[Provided data]
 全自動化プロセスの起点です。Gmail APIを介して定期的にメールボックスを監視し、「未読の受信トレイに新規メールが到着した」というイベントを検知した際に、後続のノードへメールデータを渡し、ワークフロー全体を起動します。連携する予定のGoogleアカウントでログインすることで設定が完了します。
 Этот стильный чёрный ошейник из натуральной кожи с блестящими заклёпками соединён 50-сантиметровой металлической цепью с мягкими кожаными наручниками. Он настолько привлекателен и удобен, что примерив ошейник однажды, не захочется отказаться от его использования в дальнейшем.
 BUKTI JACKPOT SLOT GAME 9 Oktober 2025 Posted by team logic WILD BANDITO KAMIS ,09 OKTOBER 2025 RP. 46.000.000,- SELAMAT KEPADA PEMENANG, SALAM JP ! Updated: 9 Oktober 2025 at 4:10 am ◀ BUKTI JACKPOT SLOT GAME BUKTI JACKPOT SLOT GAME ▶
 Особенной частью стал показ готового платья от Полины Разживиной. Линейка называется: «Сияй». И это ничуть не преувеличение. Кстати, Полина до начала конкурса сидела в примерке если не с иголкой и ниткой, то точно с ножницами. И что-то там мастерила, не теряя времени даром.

==

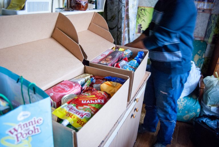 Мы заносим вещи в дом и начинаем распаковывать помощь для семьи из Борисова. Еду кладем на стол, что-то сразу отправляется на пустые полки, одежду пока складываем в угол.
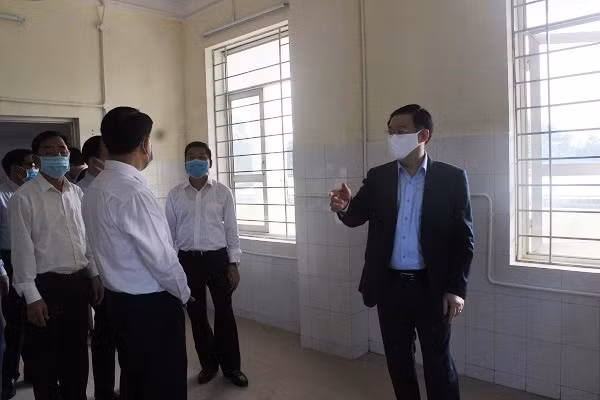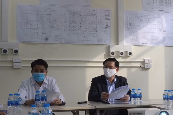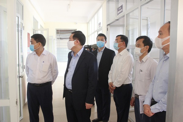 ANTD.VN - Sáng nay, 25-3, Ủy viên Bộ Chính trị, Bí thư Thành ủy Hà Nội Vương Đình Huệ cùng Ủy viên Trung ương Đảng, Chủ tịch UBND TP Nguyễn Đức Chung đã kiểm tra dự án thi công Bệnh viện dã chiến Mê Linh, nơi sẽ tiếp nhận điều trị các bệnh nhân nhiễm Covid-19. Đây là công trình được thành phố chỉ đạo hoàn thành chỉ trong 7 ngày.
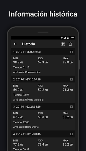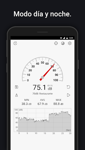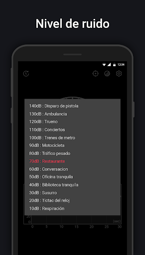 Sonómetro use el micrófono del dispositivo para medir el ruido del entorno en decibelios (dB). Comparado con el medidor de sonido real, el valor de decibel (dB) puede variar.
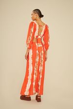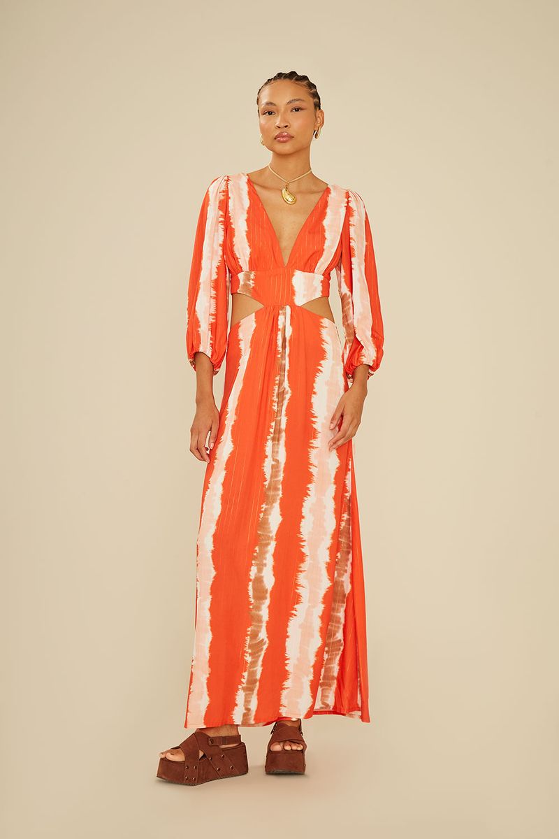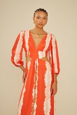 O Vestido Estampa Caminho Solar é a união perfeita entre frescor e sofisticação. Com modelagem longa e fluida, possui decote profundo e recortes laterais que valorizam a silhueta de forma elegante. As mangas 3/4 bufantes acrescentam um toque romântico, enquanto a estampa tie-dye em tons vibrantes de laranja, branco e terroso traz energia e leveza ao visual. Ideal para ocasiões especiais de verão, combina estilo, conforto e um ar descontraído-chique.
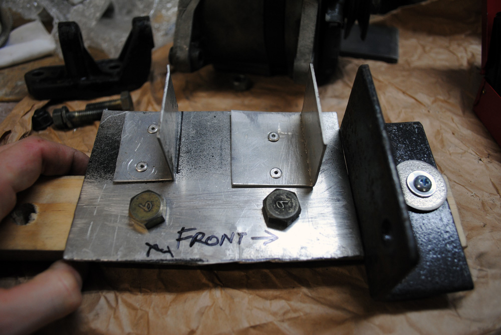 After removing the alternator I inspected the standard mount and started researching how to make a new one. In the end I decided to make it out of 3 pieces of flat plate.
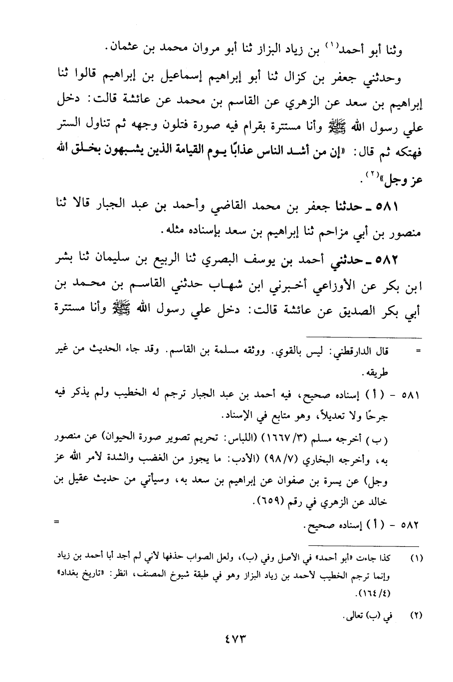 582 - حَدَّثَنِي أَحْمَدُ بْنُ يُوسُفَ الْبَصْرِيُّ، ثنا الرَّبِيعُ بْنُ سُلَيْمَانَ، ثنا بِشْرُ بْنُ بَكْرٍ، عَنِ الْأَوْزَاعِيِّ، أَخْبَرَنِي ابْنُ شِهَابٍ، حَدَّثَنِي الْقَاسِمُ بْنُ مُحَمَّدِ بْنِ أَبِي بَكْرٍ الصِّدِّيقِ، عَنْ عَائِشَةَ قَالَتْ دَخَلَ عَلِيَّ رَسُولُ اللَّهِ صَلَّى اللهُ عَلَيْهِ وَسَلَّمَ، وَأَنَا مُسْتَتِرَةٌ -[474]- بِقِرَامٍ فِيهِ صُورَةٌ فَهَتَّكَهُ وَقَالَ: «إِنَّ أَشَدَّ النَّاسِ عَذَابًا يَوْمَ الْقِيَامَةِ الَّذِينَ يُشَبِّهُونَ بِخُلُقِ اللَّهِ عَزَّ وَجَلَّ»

...

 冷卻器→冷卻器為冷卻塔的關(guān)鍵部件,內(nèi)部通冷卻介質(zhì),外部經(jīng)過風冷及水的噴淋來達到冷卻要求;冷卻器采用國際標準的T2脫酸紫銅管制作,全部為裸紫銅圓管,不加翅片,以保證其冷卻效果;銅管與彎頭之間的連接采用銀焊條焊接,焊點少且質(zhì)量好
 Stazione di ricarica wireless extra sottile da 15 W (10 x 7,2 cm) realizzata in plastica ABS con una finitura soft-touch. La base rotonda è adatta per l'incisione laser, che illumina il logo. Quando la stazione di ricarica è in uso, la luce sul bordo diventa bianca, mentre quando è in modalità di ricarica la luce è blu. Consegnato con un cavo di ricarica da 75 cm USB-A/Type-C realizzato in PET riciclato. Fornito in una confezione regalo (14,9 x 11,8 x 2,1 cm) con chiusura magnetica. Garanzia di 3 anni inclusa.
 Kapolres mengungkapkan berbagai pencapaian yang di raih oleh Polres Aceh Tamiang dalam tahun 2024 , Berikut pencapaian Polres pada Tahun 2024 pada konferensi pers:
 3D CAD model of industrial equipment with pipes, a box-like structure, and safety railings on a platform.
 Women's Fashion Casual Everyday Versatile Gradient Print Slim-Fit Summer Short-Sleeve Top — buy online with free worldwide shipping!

[Problem details]
Once the line with "ANTD.VN - Sáng" is found in the data above, reproduce it and each line after it exactly, through the line with "582 - حَدَّثَنِي". Omit the pictures.

[Response area]
 ANTD.VN - Sáng nay, 25-3, Ủy viên Bộ Chính trị, Bí thư Thành ủy Hà Nội Vương Đình Huệ cùng Ủy viên Trung ương Đảng, Chủ tịch UBND TP Nguyễn Đức Chung đã kiểm tra dự án thi công Bệnh viện dã chiến Mê Linh, nơi sẽ tiếp nhận điều trị các bệnh nhân nhiễm Covid-19. Đây là công trình được thành phố chỉ đạo hoàn thành chỉ trong 7 ngày.
 Sonómetro use el micrófono del dispositivo para medir el ruido del entorno en decibelios (dB). Comparado con el medidor de sonido real, el valor de decibel (dB) puede variar.
 O Vestido Estampa Caminho Solar é a união perfeita entre frescor e sofisticação. Com modelagem longa e fluida, possui decote profundo e recortes laterais que valorizam a silhueta de forma elegante. As mangas 3/4 bufantes acrescentam um toque romântico, enquanto a estampa tie-dye em tons vibrantes de laranja, branco e terroso traz energia e leveza ao visual. Ideal para ocasiões especiais de verão, combina estilo, conforto e um ar descontraído-chique.
 After removing the alternator I inspected the standard mount and started researching how to make a new one. In the end I decided to make it out of 3 pieces of flat plate.
 582 - حَدَّثَنِي أَحْمَدُ بْنُ يُوسُفَ الْبَصْرِيُّ، ثنا الرَّبِيعُ بْنُ سُلَيْمَانَ، ثنا بِشْرُ بْنُ بَكْرٍ، عَنِ الْأَوْزَاعِيِّ، أَخْبَرَنِي ابْنُ شِهَابٍ، حَدَّثَنِي الْقَاسِمُ بْنُ مُحَمَّدِ بْنِ أَبِي بَكْرٍ الصِّدِّيقِ، عَنْ عَائِشَةَ قَالَتْ دَخَلَ عَلِيَّ رَسُولُ اللَّهِ صَلَّى اللهُ عَلَيْهِ وَسَلَّمَ، وَأَنَا مُسْتَتِرَةٌ -[474]- بِقِرَامٍ فِيهِ صُورَةٌ فَهَتَّكَهُ وَقَالَ: «إِنَّ أَشَدَّ النَّاسِ عَذَابًا يَوْمَ الْقِيَامَةِ الَّذِينَ يُشَبِّهُونَ بِخُلُقِ اللَّهِ عَزَّ وَجَلَّ»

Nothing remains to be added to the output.